[Records excerpted from a collection]
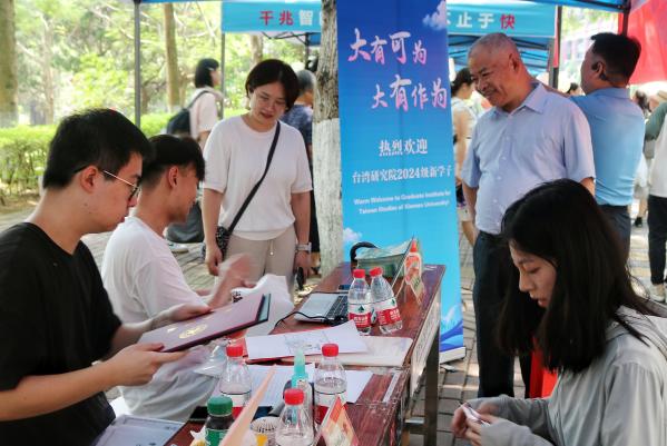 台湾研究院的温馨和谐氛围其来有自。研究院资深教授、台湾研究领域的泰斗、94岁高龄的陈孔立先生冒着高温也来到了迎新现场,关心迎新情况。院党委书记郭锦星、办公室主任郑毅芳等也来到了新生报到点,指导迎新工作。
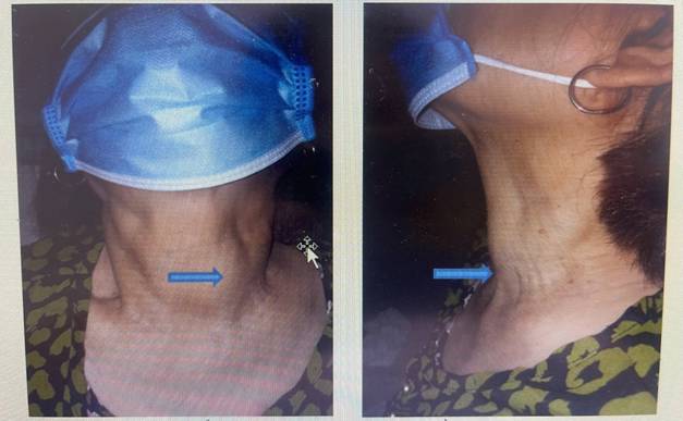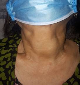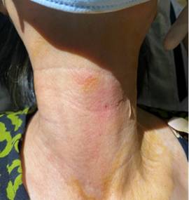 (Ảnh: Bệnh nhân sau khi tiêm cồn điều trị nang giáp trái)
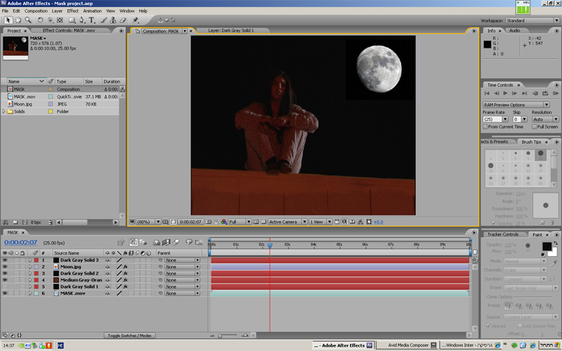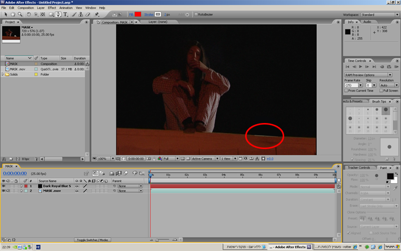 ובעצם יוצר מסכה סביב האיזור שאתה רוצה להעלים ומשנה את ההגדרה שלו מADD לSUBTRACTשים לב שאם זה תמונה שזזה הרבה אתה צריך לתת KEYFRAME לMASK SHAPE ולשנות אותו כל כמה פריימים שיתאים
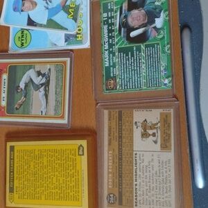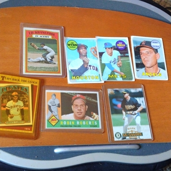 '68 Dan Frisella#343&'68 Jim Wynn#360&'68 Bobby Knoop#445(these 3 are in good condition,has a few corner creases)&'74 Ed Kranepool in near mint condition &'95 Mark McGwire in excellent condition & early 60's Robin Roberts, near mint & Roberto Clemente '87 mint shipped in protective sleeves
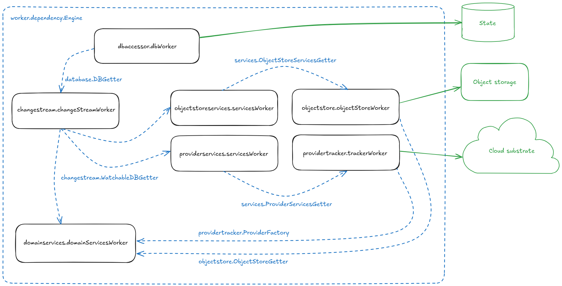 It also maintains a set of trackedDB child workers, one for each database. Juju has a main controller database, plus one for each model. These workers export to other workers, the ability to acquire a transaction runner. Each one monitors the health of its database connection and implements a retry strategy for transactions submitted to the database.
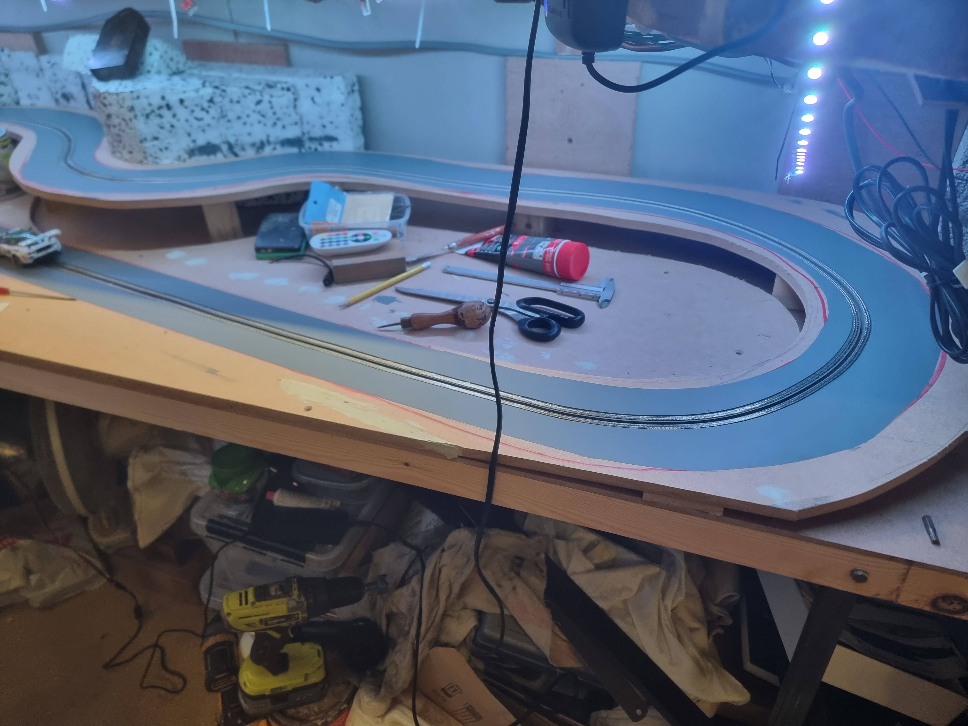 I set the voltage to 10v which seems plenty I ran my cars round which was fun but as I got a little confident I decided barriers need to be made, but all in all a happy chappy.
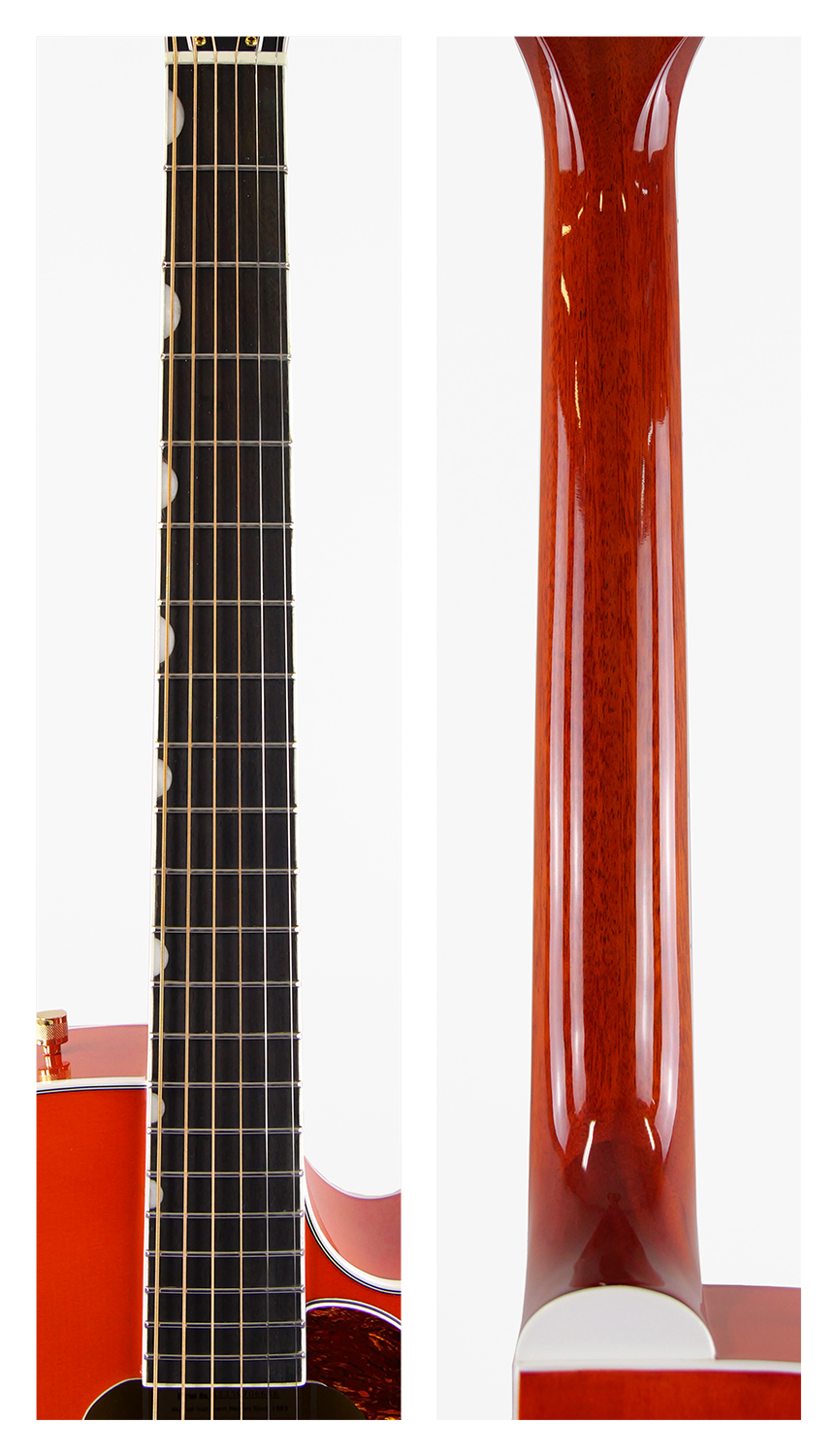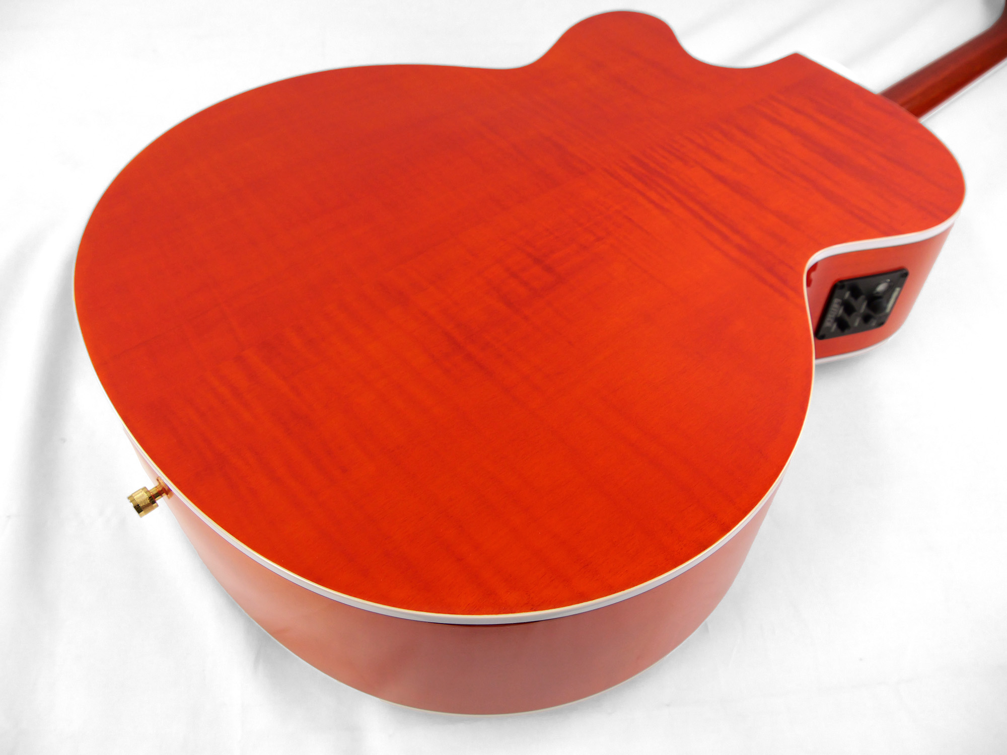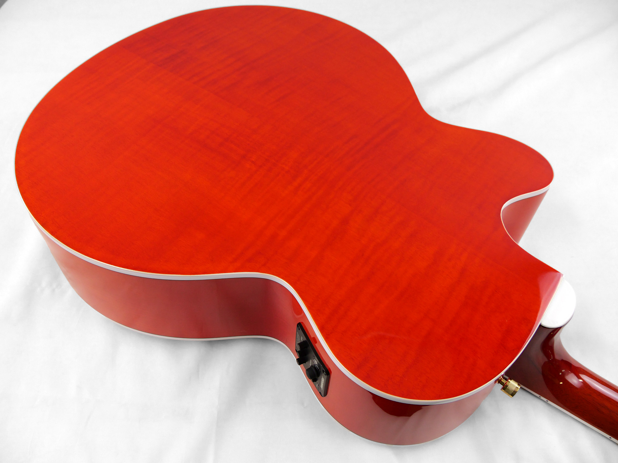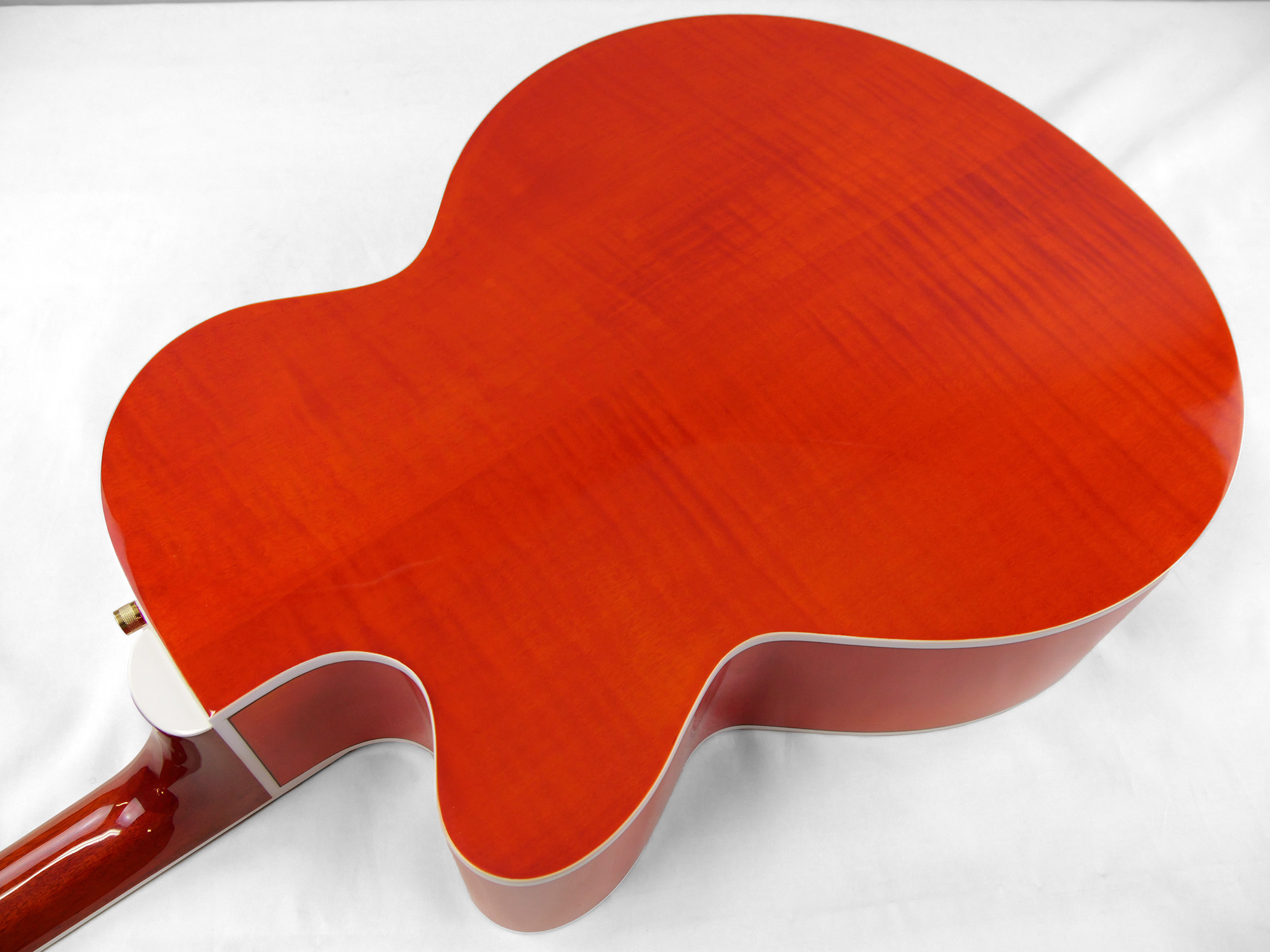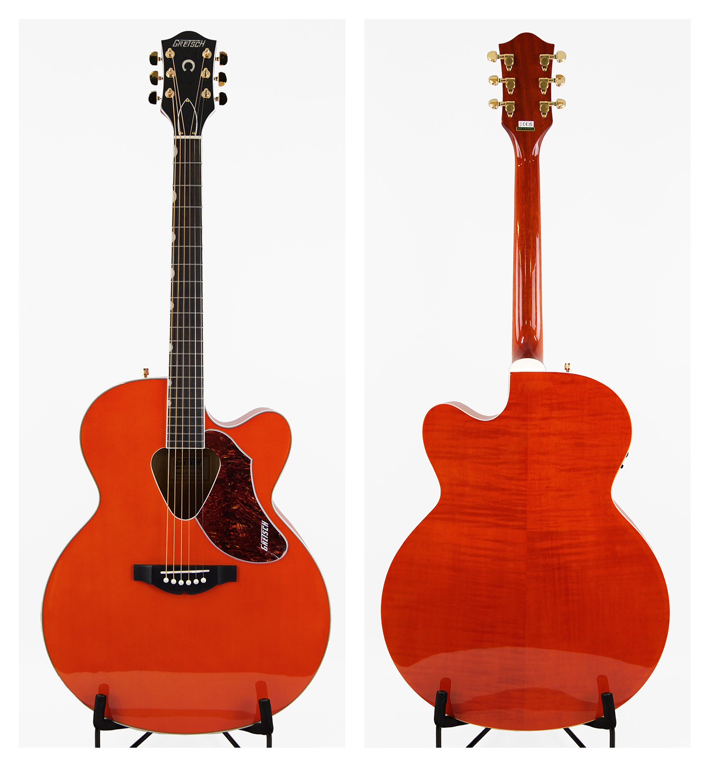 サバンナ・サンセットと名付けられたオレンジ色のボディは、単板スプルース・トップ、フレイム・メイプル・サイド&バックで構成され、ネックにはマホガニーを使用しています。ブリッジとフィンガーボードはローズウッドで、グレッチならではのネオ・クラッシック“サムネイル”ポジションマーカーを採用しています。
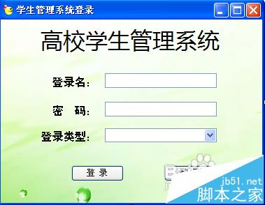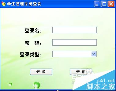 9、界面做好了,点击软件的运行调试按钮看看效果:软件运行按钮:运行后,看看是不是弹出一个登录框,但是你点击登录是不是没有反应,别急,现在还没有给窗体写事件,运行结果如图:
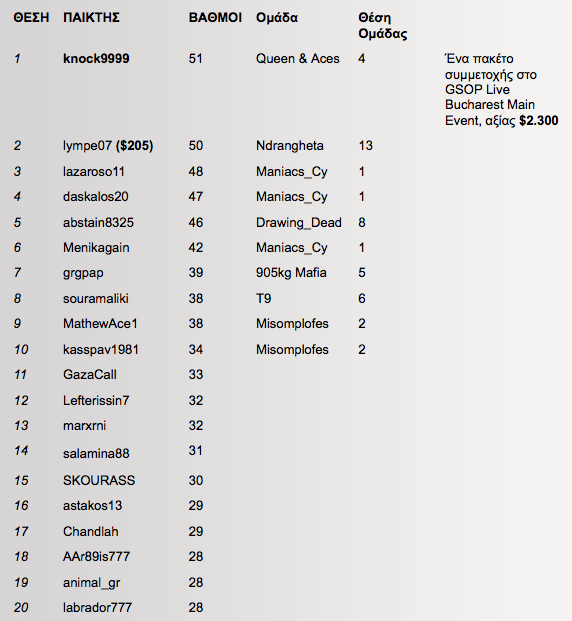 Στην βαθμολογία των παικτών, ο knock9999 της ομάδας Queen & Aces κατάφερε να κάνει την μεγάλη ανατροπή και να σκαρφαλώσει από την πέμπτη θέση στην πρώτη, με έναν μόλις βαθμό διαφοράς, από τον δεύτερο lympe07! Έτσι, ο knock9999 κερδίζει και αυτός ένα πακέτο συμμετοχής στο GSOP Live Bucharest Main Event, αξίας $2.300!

## Exercise description
Once the pictures are set aside, write out the entries verbatim.

## Answer section
 台湾研究院的温馨和谐氛围其来有自。研究院资深教授、台湾研究领域的泰斗、94岁高龄的陈孔立先生冒着高温也来到了迎新现场,关心迎新情况。院党委书记郭锦星、办公室主任郑毅芳等也来到了新生报到点,指导迎新工作。
 (Ảnh: Bệnh nhân sau khi tiêm cồn điều trị nang giáp trái)
 ובעצם יוצר מסכה סביב האיזור שאתה רוצה להעלים ומשנה את ההגדרה שלו מADD לSUBTRACTשים לב שאם זה תמונה שזזה הרבה אתה צריך לתת KEYFRAME לMASK SHAPE ולשנות אותו כל כמה פריימים שיתאים
 '68 Dan Frisella#343&'68 Jim Wynn#360&'68 Bobby Knoop#445(these 3 are in good condition,has a few corner creases)&'74 Ed Kranepool in near mint condition &'95 Mark McGwire in excellent condition & early 60's Robin Roberts, near mint & Roberto Clemente '87 mint shipped in protective sleeves
 It also maintains a set of trackedDB child workers, one for each database. Juju has a main controller database, plus one for each model. These workers export to other workers, the ability to acquire a transaction runner. Each one monitors the health of its database connection and implements a retry strategy for transactions submitted to the database.
 I set the voltage to 10v which seems plenty I ran my cars round which was fun but as I got a little confident I decided barriers need to be made, but all in all a happy chappy.
 サバンナ・サンセットと名付けられたオレンジ色のボディは、単板スプルース・トップ、フレイム・メイプル・サイド&バックで構成され、ネックにはマホガニーを使用しています。ブリッジとフィンガーボードはローズウッドで、グレッチならではのネオ・クラッシック“サムネイル”ポジションマーカーを採用しています。
 9、界面做好了,点击软件的运行调试按钮看看效果:软件运行按钮:运行后,看看是不是弹出一个登录框,但是你点击登录是不是没有反应,别急,现在还没有给窗体写事件,运行结果如图:
 Στην βαθμολογία των παικτών, ο knock9999 της ομάδας Queen & Aces κατάφερε να κάνει την μεγάλη ανατροπή και να σκαρφαλώσει από την πέμπτη θέση στην πρώτη, με έναν μόλις βαθμό διαφοράς, από τον δεύτερο lympe07! Έτσι, ο knock9999 κερδίζει και αυτός ένα πακέτο συμμετοχής στο GSOP Live Bucharest Main Event, αξίας $2.300!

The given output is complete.